Unfortunately, as Rewire has reported, the vaccine is often mired in controversy and far fewer young people have received it than get most other recommended vaccines. In 2014, only 40 percent of girls and 22 percent of boys ages 13 to 17 had received all three recommended doses of the vaccine. In comparison, nearly 80 percent of young people in this age group had received the vaccine that protects against meningitis.

In response to the newest data, Dr. Electra Paskett, co-director of the Cancer Control Research Program at the Ohio State University Comprehensive Cancer Center, told HealthDay:

In order to increase HPV vaccination rates, we must change the perception of the HPV vaccine from something that prevents a sexually transmitted disease to a vaccine that prevents cancer. Every parent should ask the question: If there was a vaccine I could give my child that would prevent them from developing six different cancers, would I give it to them? The answer would be a resounding yes—and we would have a dramatic decrease in HPV-related cancers across the globe.

Making Inroads Toward a Chlamydia Vaccine

An article published in the journal Vaccine shows that researchers have made progress with a new vaccine to prevent chlamydia. According to lead researcher David Bulir of the M. G. DeGroote Institute for Infectious Disease Research at Canada’s McMaster University, efforts to create a vaccine have been underway for decades, but this is the first formulation to show success.

In 2014, there were 1.4 million reported cases of chlamydia in the United States. While this bacterial infection can be easily treated with antibiotics, it often goes undiagnosed because many people show no symptoms. Untreated chlamydia can lead to pelvic inflammatory disease, which can leave scar tissue in the fallopian tubes or uterus and ultimately result in infertility.

The experimental vaccine was created by Canadian researchers who used pieces of the bacteria that causes chlamydia to form an antigen they called BD584. The hope was that the antigen could prompt the body’s immune system to fight the chlamydia bacteria if exposed to it.

Researchers gave BD584 to mice using a nasal spray, and then exposed them to chlamydia. The results were very promising. The mice who received the spray cleared the infection faster than the mice who did not.

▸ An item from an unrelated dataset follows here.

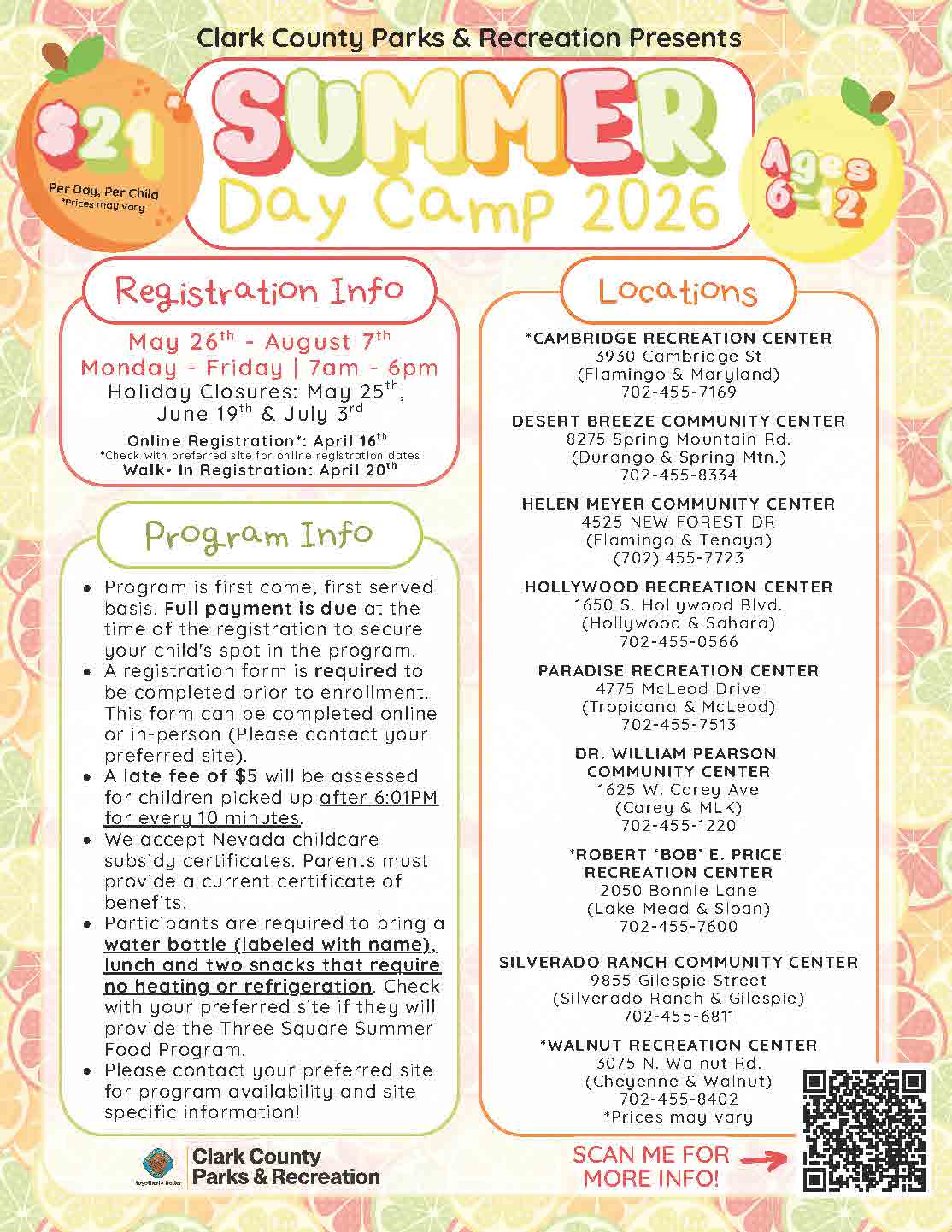 Registration Form - Online Registration - 2026 Summer Day Registration Camp Information - Walnut Recreation Center, 3075 North Walnut Road, Las Vegas, NV 89115

Moreover, the mice given the nasal spray were less likely to show symptoms of infection, such as bacterial shedding from the vagina or fluid blockages of the fallopian tubes.

There are many steps to go before this vaccine could become available. The researchers need to test it on other strains of the bacteria and in other animals before testing it in humans. And, of course, experience with the HPV vaccine shows that there’s work to be done to make sure people get vaccines that prevent STIs even after they’re invented. Nonetheless, a vaccine to prevent chlamydia would be a great victory in our ongoing fight against STIs and their health consequences, and we here at This Week in Sex are happy to end on a bit of a positive note.